Я уже углядела возле бара стареющую рок-звезду в обществе молодой, легкомысленно одетой женщины. Элинор кивнула, и лицо ее омрачилось.

— Эприл застали в комнате для садового инвентаря с парнем, который чистил у них бассейн, — прошептала она мне на ухо. — Но конечно же, вы помните! В «Лос-Анджелес тайме» были даже фотографии. А все потому, что Эприл была настолько глупа, что поделилась своей тайной с маникюршей. — Элинор осуждающе покачала головой и поцокала языком, выражая неодобрение. — Все это было крайне неуместно. — Она огляделась, желая удостовериться, что нас никто не подслушивает. — Оказалось, что маникюрша — невеста этого чистильщика бассейнов. К тому же у нее был роман со свободным художником — фотографом. — Элинор сурово смерила меня взглядом. — Теперь Эприл вычеркнули из всех списков, вплоть до выпускного бала в средней школе в Беверли. Она уже переплатила своим адвокатам целое состояние, чтобы добиться хоть каких-нибудь алиментов. А Тед тем временем рыщет в надежде найти новую модель, хотя все знают, что он играет своей салями с горничной-мексиканкой. — Элинор печально покачала головой. — Наша система несправедлива, но вы не в силах контролировать свои вкусы я аппетиты. И если вам захочется перекусить между двумя трапезами, то следует проявлять осторожность и внимательно смотреть, что едите.

— Но я не…

— Выбирайте себе любовника очень тщательно, — продолжала она, не слушая меня. — Есть масса ковбоев, которые не откажутся повеселиться с вами в надежде на то, что это даст им возможность нажать на нужные кнопки и сорвать крупный куш. Все они начитались романов Джеки Коллинз и воображают себя удачливыми шантажистами.

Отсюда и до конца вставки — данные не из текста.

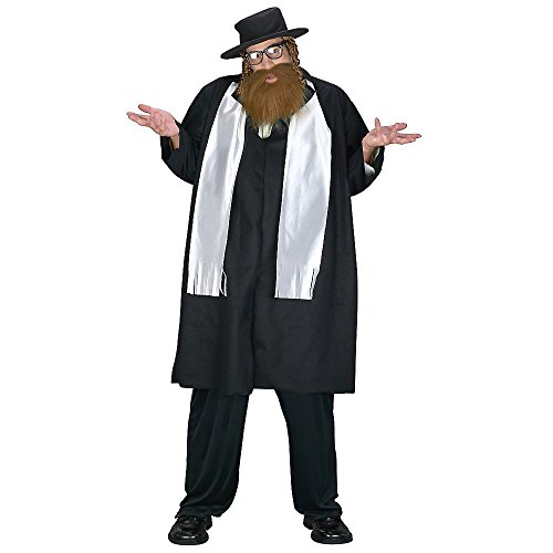 Studio : Fun World Publisher : Fun World Product Description The Rabbi Adult Plus Size Costume includes a long coat, fringed scarf, hat with attached payis, and beard. This outfit is great for Halloween, and makes a funny partner with a Catholic Priest Costume. 0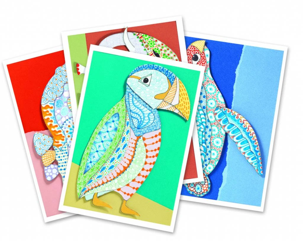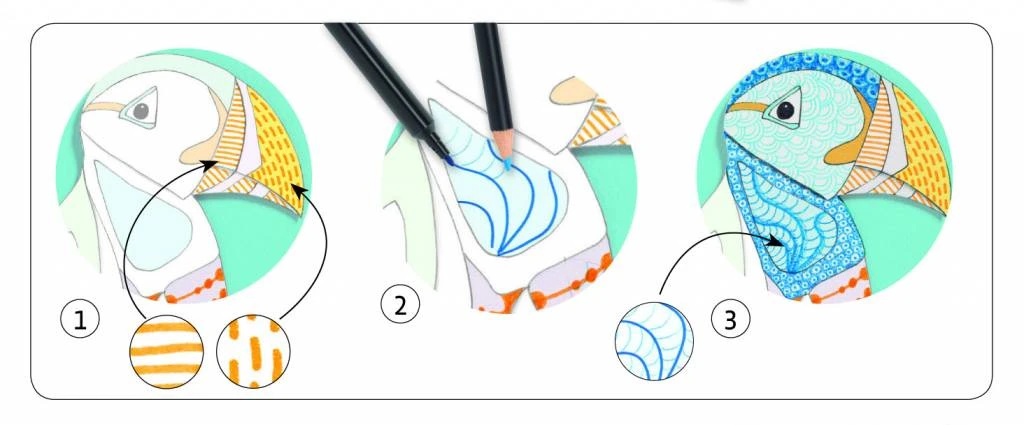 Inhoud: 4 voorbedrukte afbeeldingen van karton (28×21 cm), 5 viltstiften, 4 kleurpotloden, stap-voor-stap instructieboekje.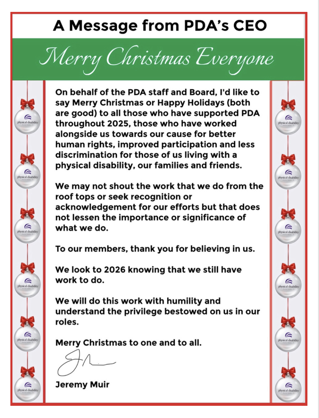 On behalf of the PDA staff and Board, I’d like to say Merry Christmas or Happy Holidays (both are good) to all those who have supported PDA throughout 2025, those who have worked alongside us towards our cause for better human rights, improved participation and less discrimination for those of us living with a physical disability, our families and friends.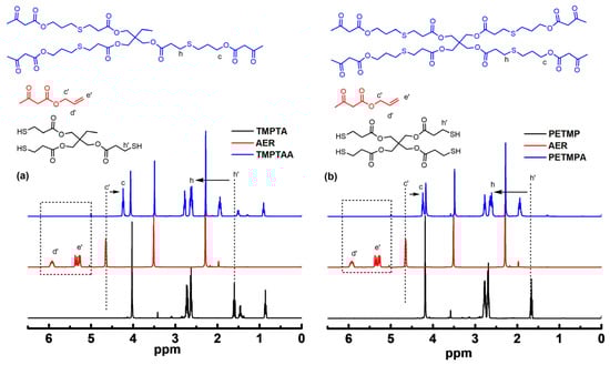 (a) 1H NMR of TMPTA, PETMP, allyl acetoacetate and TMPTAA, (b) 1H NMR of TMPTA, PETMP, allyl acetoacetate and PETMPA.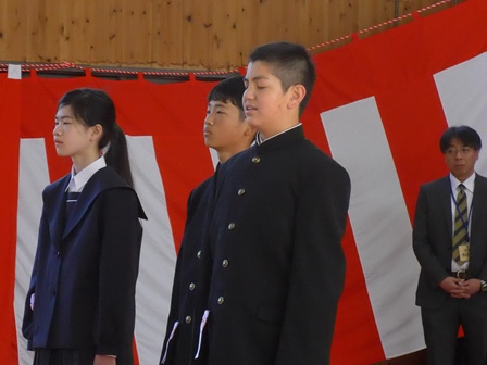 小学校の時とは違った緊張感で入学式に臨みました。先輩方のきびきびとした起立や礼を一人一人が意識する姿を見て、自分も先輩を見習って生活していきたいと思います。(1年生)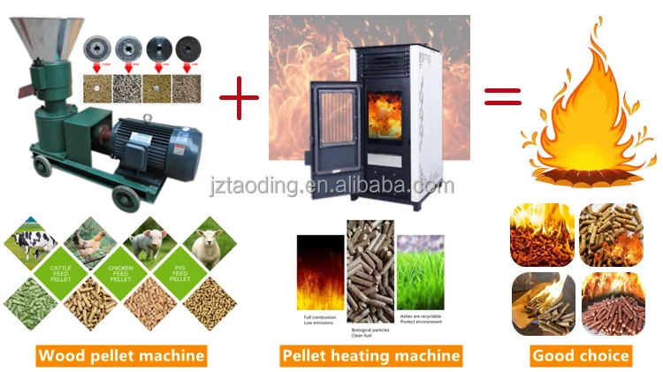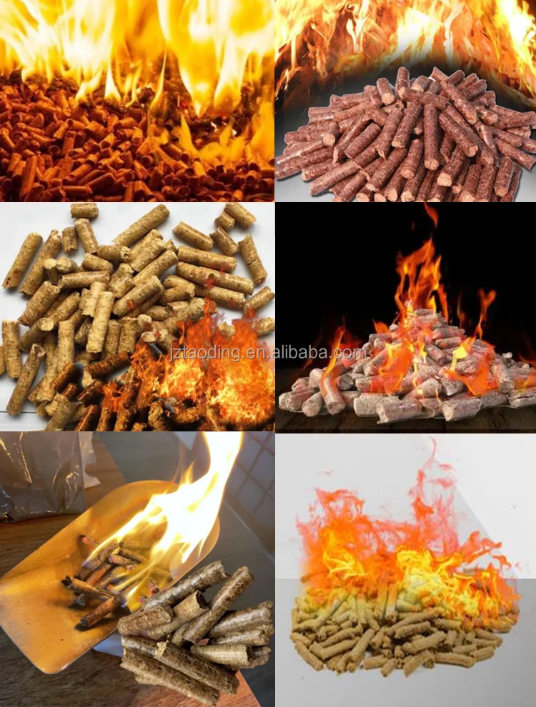 The burning pellets are made from wood, sawdust, and various types of crop straw.

— Но я вовсе не собираюсь заводить адюльтер.

— Сейчас вы, возможно, говорите правду, моя дорогая, — пробормотала Элинор тоном утомленной светской дамы, — но в конце концов придете к этому. Я вижу это по вашим глазам. Мой совет пригодится вам и через двадцать лет, поэтому рекомендую вам запомнить его. Существуют определенные правила: будьте предельно скромны. Никому не доверяйте и ни с кем не откровенничайте. Особенно же со своими ближайшими друзьями. Следите за слугами. Не помышляйте о том, чтобы завести дневник, не пишите писем. И что бы вы ни делали, никогда, никогда не вступайте в сексуальные отношения с тем, кто потеряет меньше, чем вы, если вас накроют.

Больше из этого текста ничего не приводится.